I nodded. “Don’t suppose you recall what he looked like.” It was such a stretch, but I had to ask. I was, after all, asking a ghost to recall a demon he’d seen a month ago.
“He was tall, and pale compared to her, dark hair slicked back. Out of his face. Dressed like a rich man, long sleeves and good shoes.” The ghost shrugged lazily. “Didn’t have much time to see anything else.”
Tall, pale skin with dark hair… a litany of curses started in my head. Of course. The description would match Valen Ravenswing. I wasn’t going to get this easily. “Thanks. Why… why are you still here?” The words simply fell out of my mouth without checking in with my brain.
That single eye focused on me and I could see the thoughts in his translucent head.
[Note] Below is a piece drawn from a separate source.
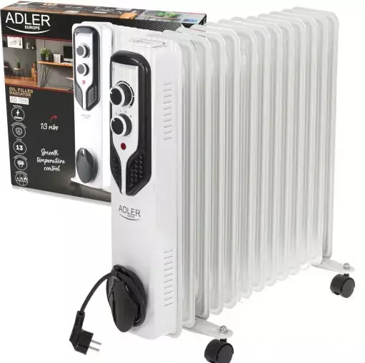 Ефективний масляний радіатор Adler 7818. Дозволяє обігріти приміщення, де радіатори відсутні або недостатньо ефективні. Незамінний при виході з експлуатації опалювальної системи. Нагрівач дозволяє плавно регулювати температуру, працює на 3-х рівнях потужності. Нагрівач автоматично регулює споживану потужність відповідно до встановленої температури нагрівання. Для безпечного використання пристрій має захист від перегріву. Радіатор виконаний в елегантній лінії, тому його можна розмістити на місці прийому гостей вдома або клієнтів в офісі. Він має 13 нагрівальних ребер та потужність 2500 Вт.

I forced myself to not look away in discomfort, and his entirely too young face cracked into a smile. “Chaplain, those men out there think the war is still on, and they need a leader. Little by little, they fade into the darkness, but as long as one is still on duty, I’ll be here. I can do no less by them.”
In that moment, he reminded me of Xelander, convinced that I still needed him, and unwilling to let me go. I shook my head and looked to the ghost for a moment before nodding. “You’re a good man, Captain. I hope one day you find peace.”
“The field is dead, the battle done, Chaplain. That’s peace enough. Maybe one day you’ll learn that.”
Before I could reply, he was gone. Magesight didn’t reveal his presence, and I moved away from the Columbiad, taking a moment to search for him while I tried to understand what he’d said to me. Shaking my head to restore my normal vision, I fished another cigarette out of my pocket, lit it with my magic, and smoked it as I walked back to my car.